Belarus Regime ‘Frightened,’ Says Opponent

Belarus Regime ‘Frightened,’ Says Opponent
Belarusian opposition leader Sviatlana Tsikhanouskaya talks during an interview with The Associated Press in Brussels on June 22, 2021. Francisco Seco/AP
The Associated Press
Updated:

BRUSSELS—When authorities in Belarus diverted a Ryanair passenger jet to Minsk last month to arrest a dissident journalist who was aboard, their goal may have been to silence a troublesome government critic and send a message to others like him.

Instead, believes opposition leader Sviatlana Tsikhanouskaya, it was a panicked miscalculation by authoritarian President Alexander Lukashenko that has galvanized the West against him.

“It was really a mistake,” Tsikhanouskaya said in an interview with The Associated Press. “The regime never crossed this red line before, of interfering in a European area. This hijacking touched all the European leaders because their citizens were on this flight.”

The European Union, the United States, Britain, and Canada joined together Monday to impose sanctions on several Belarus officials and organizations in response to the May 23 diversion of the Ryanair flight, which was traveling from Greece to Lithuania but was forced to land in Minsk. European officials, who likened the diversion to air piracy, also banned Belarus airlines from EU skies and airports.

Lukashenko won a sixth term as president in an Aug. 9, 2020, election that the EU refuses to recognize as legitimate. The disputed election touched off months of mass demonstrations in Belarus, including some that drew as many as 200,000 people. Authorities there also took harsh action against protesters, and human rights officials say tens of thousands have been detained, with many brutally beaten by security forces.

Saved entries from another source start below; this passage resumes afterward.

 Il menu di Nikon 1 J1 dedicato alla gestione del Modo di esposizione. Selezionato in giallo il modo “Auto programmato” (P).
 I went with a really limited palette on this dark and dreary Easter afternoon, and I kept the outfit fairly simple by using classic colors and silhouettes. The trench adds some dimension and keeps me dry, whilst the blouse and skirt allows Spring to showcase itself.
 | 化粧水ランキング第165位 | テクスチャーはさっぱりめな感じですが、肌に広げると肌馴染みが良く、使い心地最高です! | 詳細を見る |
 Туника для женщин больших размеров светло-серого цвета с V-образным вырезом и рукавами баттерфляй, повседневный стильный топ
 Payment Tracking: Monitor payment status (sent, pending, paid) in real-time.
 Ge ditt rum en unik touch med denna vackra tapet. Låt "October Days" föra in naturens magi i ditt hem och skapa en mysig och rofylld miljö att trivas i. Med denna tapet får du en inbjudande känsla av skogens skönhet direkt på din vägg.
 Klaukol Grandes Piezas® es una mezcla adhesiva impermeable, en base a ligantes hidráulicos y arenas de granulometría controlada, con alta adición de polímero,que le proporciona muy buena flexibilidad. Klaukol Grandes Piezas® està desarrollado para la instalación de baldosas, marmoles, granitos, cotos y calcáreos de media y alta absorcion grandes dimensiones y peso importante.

Lithuanian Foreign Minister Gabrielius Landsbergis said EU countries thought for months that it still might be possible to reason with Lukashenko—until the flight diversion.

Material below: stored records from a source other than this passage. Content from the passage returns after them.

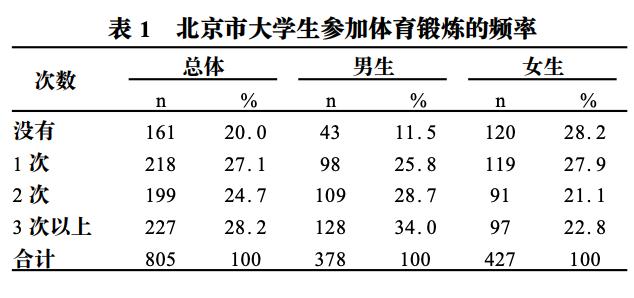 在《北京市大学生体育锻炼态度和行为的调查研究》中,面向北京大学、北京师范大学、北京邮电大学等6所高校的问卷调查发现,有80%学生每周至少参加1次体育锻炼 ,其中每周3次以上的占总人数的28.2%。
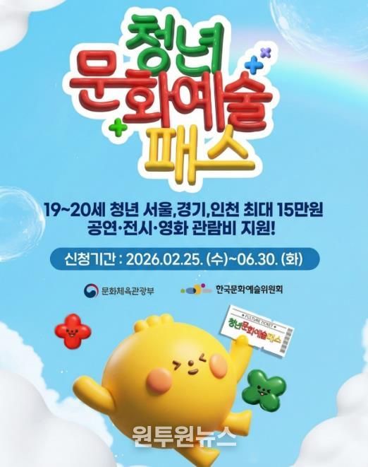 (원투원뉴스) 파주시는 2월 25일부터 관내 19~20세 청년(2006~2007년생) 3,012명을 대상으로 공연·전시·영화 관람권 예매에 사용할 수 있는 ‘청년문화예술패스’를 지원한다.
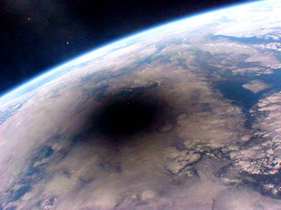 皆既日食の皆既中の瞬間、 宇宙から地球を見るとどーなるか?という 実に教科書的な感動的な写真です。 ロシアのミールに乗船していたフランス人パイロットが、 フランスに落ちる月の影を撮影したものだそうです。
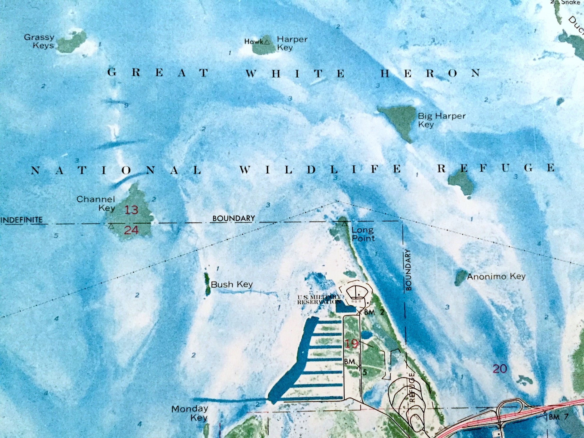 Beautiful, antique orthophoto map of Boca Chica Key, Florida and surrounding Monroe County area. This is an authentic 1971 edition, 1973 print from the U.S. Geological Survey and NOT a computer reproduction.
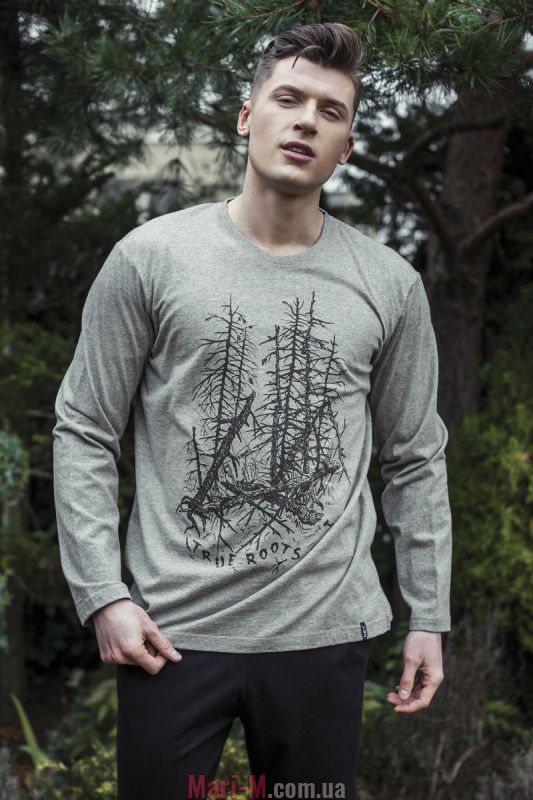 Хлопковая мужская пижама MNS 400 B8 Key. Пижама выполнена из высококачественного натурального хлопка, состоит из реглана серого цвета и свободных прямых брюк черного цвета. Реглан свободного кроя, с длинными рукавами и округлым вырезом горла, с небольшими разрезами по бокам. Штаны на мягкой резинке в поясе, регулируются с помощью шнурка, с удобными боковыми карманами. В качестве декора - по центру оригинальный принт. Состав: 100% хлопок.
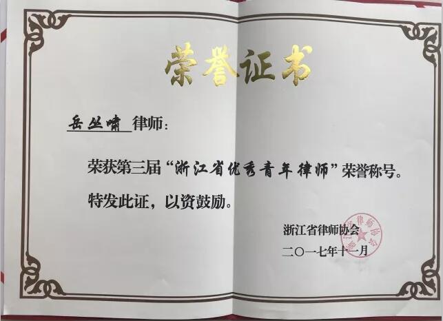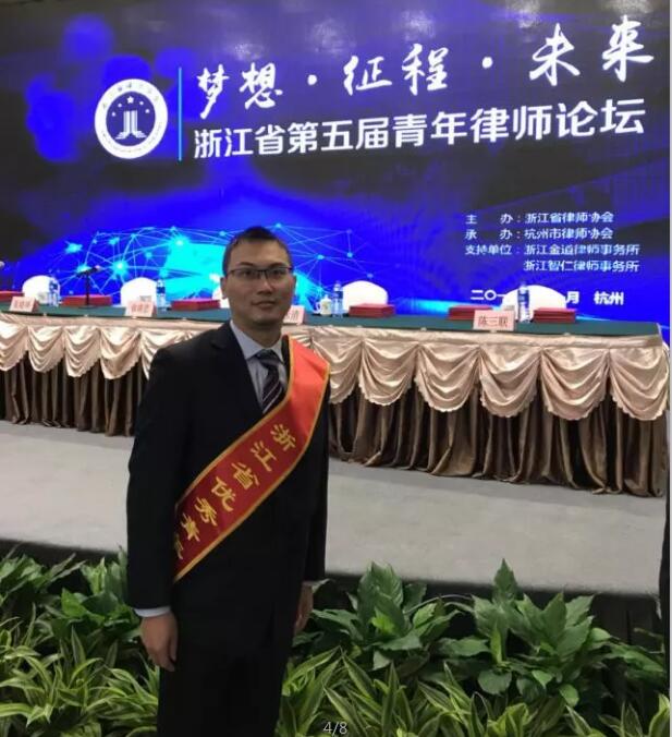 2017年11月4日,浙江省第五屆青年律師論壇在杭州舉辦。我所合伙人岳叢嘯律師獲得“浙江省優(yōu)秀青年律師”稱號,并接受頒獎。

“The mood is different now,” Landsbergis said.

Tsikhanouskaya was a candidate in the election, running in place of her husband, Siarhei Tsikhanouski, a popular opposition figure who had hoped to stand against Lukashenko but was arrested in May 2020.

A day after the vote, Tsikhanouskaya was forced to flee the country to neighboring Lithuania, where the 38-year-old political novice lives in exile with her children and has worked to rally European countries against Lukashenko.

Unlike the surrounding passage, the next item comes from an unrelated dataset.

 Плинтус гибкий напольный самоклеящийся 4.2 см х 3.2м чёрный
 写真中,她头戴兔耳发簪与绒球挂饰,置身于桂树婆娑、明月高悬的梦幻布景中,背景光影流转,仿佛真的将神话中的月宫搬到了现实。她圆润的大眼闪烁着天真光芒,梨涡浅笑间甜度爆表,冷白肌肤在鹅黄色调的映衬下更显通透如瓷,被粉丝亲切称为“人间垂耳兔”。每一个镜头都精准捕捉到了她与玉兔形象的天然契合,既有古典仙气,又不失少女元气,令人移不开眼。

“The regime is so frightened by the unity of Belarusians, by the unity of the European Union, the USA, about this situation in Belarus that they stopped to think strategically. They started to think emotionally,” Tsikhanouskaya told AP.

On Thursday, her husband’s trial is scheduled to begin in the city of Homel on charges of violating public order, inciting hatred, and plotting mass disturbances—accusations he rejects. He faces up to 15 years in prison.

“The trial will be closed. The trial will be not in the court, it will be right in the prison. Lawyers will not have an opportunity to tell us what is going on,” Tsikhanouskaya said.

She expects it to last a month or two, and is not optimistic about the outcome.

“We understand that the trial will not be lawful, will not be honest, will not be fair. In reality, judges can write any number of years in prison,” she said.

For Tsikhanouskaya, it’s yet another test of her ability as an accidental politician to avoid putting her own feelings for her husband above those of the many Belarusians who have been jailed for opposing the government.

“He’s my beloved. I’m thinking about him most of all, because I’m talking about him with my children. I have every day to explain to them where their daddy is, how he is feeling,” she said. “I assure them that he will come back soon.”

She must “separate all those feelings from political duties, because your political duty is to release all of them,” Tsikhanouskaya said.

“This is your personal pain. You can cry into your pillow in the evening. But just imagine in what conditions those people are in, what conditions my husband is [in]—without light, without information, without the normal conditions of life. Of course, it’s awful,” she said. “But again, it gives me strength not to stop, not to think about myself.”

Since he was pulled off the Ryanair flight in Minsk, Belarusian journalist Raman Pratasevich has been paraded on state TV, tearfully apologizing for his actions and praising Lukashenko.

His parents, members of the opposition, and others in the West believe he spoke under duress, with some saying there were signs he was beaten—a warning that no regime opponent can ignore.

Pratasevich’s friends say the 26-year-old journalist, who left his homeland in 2019, believed he was being spied upon by Belarusian authorities before his May 23 arrest. This probably is true for many other political activists from Belarus, said Tsikhanouskaya, who a week earlier had flown Ryanair from Greece to Lithuania, just like Pratasevich.

As she travels Europe to raise awareness about Belarus, she feels “more or less in safeness.”

“People on the ground [in Belarus], they don’t have this protection of laws that the European Union has,” she said.

Beyond the immediate fate of Pratasevich, her husband Siarhei, and others like them, difficult times lie ahead for her country, Tsikhanouskaya said.

“This crisis is deepening,” she said.

If the authorities in Minsk really cared about people “they would start dialogue with Belarusians, they would release political prisoners, and solve this crisis in a civilized way,” she added. “I imagine new elections this fall. This is our aim.”